La esfinge fue hallada en el yacimiento de Alarcos.

   Con esta nueva 'Pieza del Mes', que sustituye a una escultura de Eduardo Chillida, el Museo de Ciudad Real --entidad promotora de esta iniciativa cultural-- retorna a presentar piezas arqueológicas de sus fondos propios, procedentes de etapas prehistóricas, como las primeras que se mostraron al público como Piezas del Mes allá por el año 2007, ha informado la Junta en nota de prensa.

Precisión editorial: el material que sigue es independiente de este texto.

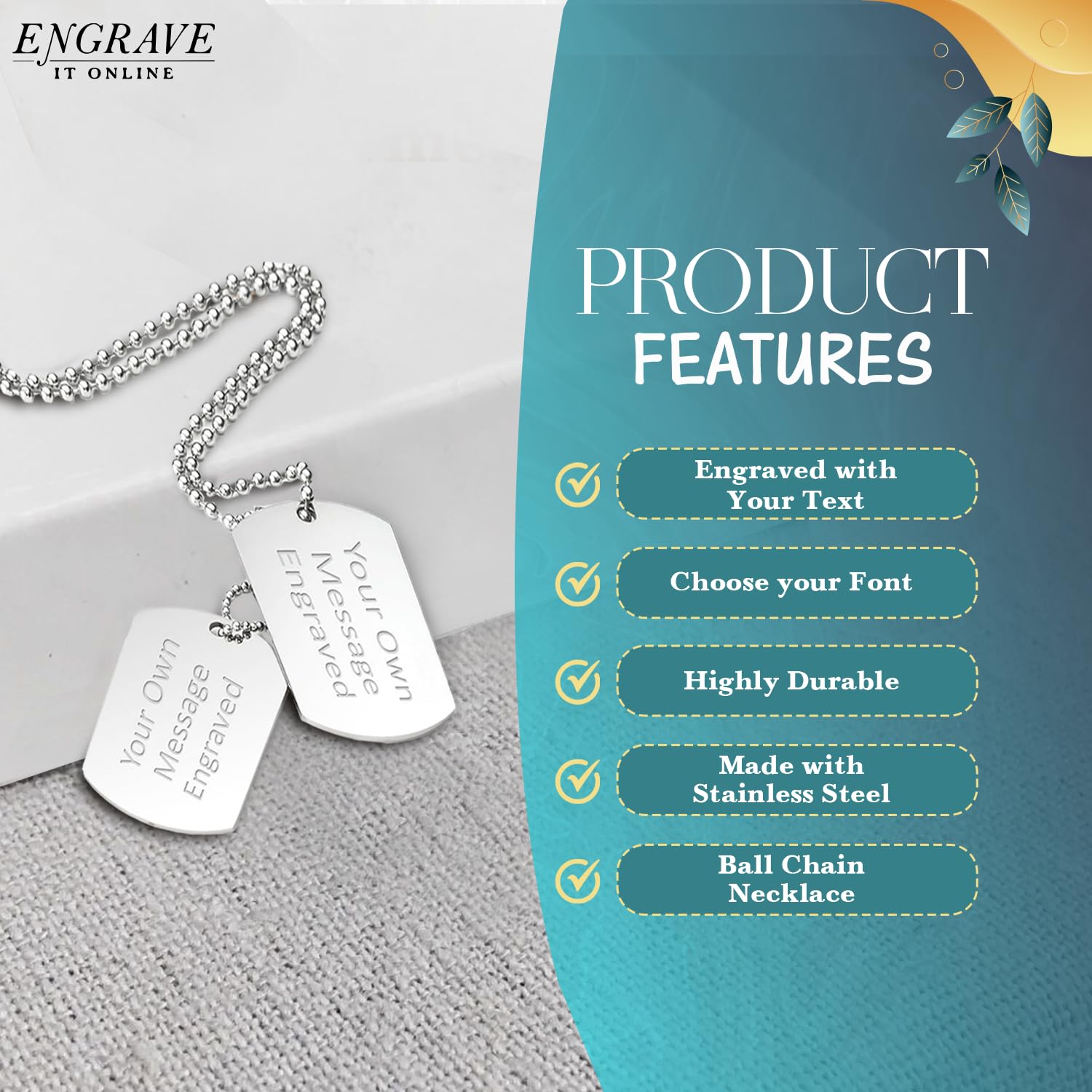 Double Dog Tag Design: Features two stylish tags—one fixed and one on a 4-inch extension—offering a layered look with maximum personalisation.

   La esfinge sedente estará expuesta en el Palacio de Medrano hasta finales del próximo mes de marzo. La pieza forma parte de la cultura ibérica que se extiende por el este y sur peninsular, penetrando hasta el sur de la Meseta.

   Se trata de una escultura acéfala, que representa a un animal de cuerpo felino, alado. El costado izquierdo está acabado mientras el derecho solo está desbastado, lo que sugiere su ubicación adosada a un monumento, probablemente funerario.

   En los territorios que bordean el Mediterráneo oriental es muy común esta tipología conocida como esfinge, a la que se atribuye carácter sagrado como protectora del hombre --tanto vivo como difunto-- y, por tanto, protectora de las tumbas y, posiblemente, portadoras de las almas al más allá.

   En la región, más concretamente en su parte este, existen varios exponentes de este tipo de esculturas ibéricas, siendo la más conocida la Bicha de Balazote --hallada en esta localidad albacetense--, que es la mejor conservada de todas y que se halla en el Museo Arqueológico Nacional, en Madrid.

   Además de la Bicha de Balazote, también son notables otras esfinges como la Esfinge del Salobral (Albacete), expuesta también en el Museo Arqueológico Nacional, que aparece acéfala --al igual que la de Alarcos mostrada en el Palacio de Medrano-- y la Esfinge de Haches, procedente de esta pedanía de Bogarra (Albacete) y conservada en el Museo de Albacete, que presenta un rostro sonriente, lo que nos lleva a pensar que los iberos las consideraban seres benéficos, en relación a la función protectora que se les atribuye.

   Fuera de Castilla-La Mancha, también hay representaciones de la cultura ibérica en forma de escultura zoomorfa en la localidad de Agost (Alicante).

   Con anterioridad a esta escultura de origen ibérico el Museo ciudadrealeño exhibió en varias ocasiones en el Palacio de Medrano en los últimos cuatro años distintas piezas procedentes del parque arqueológico de Alarcos, tanto de origen ibérico (exvotos, tinaja, tinaja-orza, ánfora, etc.), como de la etapa medieval (ataífor, monedas, utillajes de caballería, etc.).